Sunday, June 22, 2008

Quick Notes

I've been appreciating my ashtanga practice from a different viewpoint this past week. Less judgement and more satisfaction with just accepting where I am. I'm grateful for that, and imagine it's related to the recovery work I've been doing off the mat. And ashtanga prepared me for that work, so it's sort of like coming full circle.

Took my first karate class on Friday. It almost felt like yoga, but in another form that was just more fierce, like Warrior pose taken to it's extreme.
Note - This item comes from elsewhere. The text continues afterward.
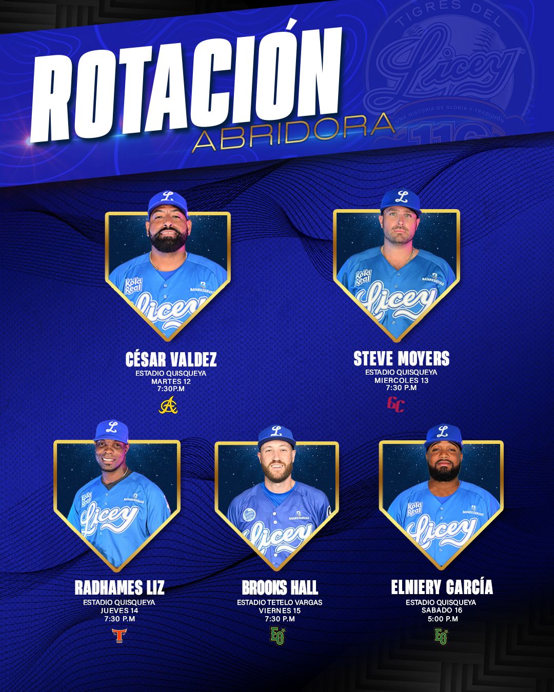 SANTO DOMINGO.- Los Campeones Nacionales y del Caribe, Tigres del Licey anunciaron su rotación para los próximos cinco partidos de la Liga de Béisbol Profesional de la República Dominicana.

I thought of godess Durga, hehe.

Thinking about my last post, I thought I'd post a couple of links I've really benefitted from, in case they might be helpful to someone else:

HAVOCA - Help for Adult Victims of Child Abuse

ASCA- Adult Survivors of Child Abuse

6 comments:

Wayne said...

"Less judgement and more satisfaction with just accepting where I am." - words of wisdom. I have been doing the same lately working through my own trauma. Be well.

Caroline said...

{{{wayne}}} Thanks for sharing your thoughts. I've been thinking about your kind words, and wishing you much serenity in your healing path.

nairamsroads said...

:) These are really wonderful news, and very inspiring words for me. Given how early in the process of practing I am, being less judgemental about my own speed and learning to enjoy every step of the game are things I should remember every time :) How Yoga can prepare us and help us balance to face difficult moments in life is amazing, isn't it? :)

bindifry said...

why don't you write anymore?

Caroline said...

nairamsroads, thanks for your words of wisdom. early in process of practicing, but having gift of self-knowledge :)

Caroline said...

bindifry, now that you mention it, i do miss writing. it guess it's been a matter of no practice, no reason to write.

but i haven't given up on my practice. i just had to do some work off the mat. i felt like this ashtanga has been cleansing me, healing me, but then my toxic lifestyle, mostly in the form of an eating disorder just keeps shocking my system. so, it's like ashtanga cleanses, and then i put the toxins right back in, and it's a vicious circle. especially when i get past the janus, i start to feel this exhaustion. in india, it was okay because i could just sleep it off and relax, but here at home i really feel it. i just figured it's time to deal with the unresolved issues underlying this. and actually, yesterday i was on the mat again, starting from scratch. just suryas and short finishing, and i will build back up from there. much work to be done, but not a lost cause yet.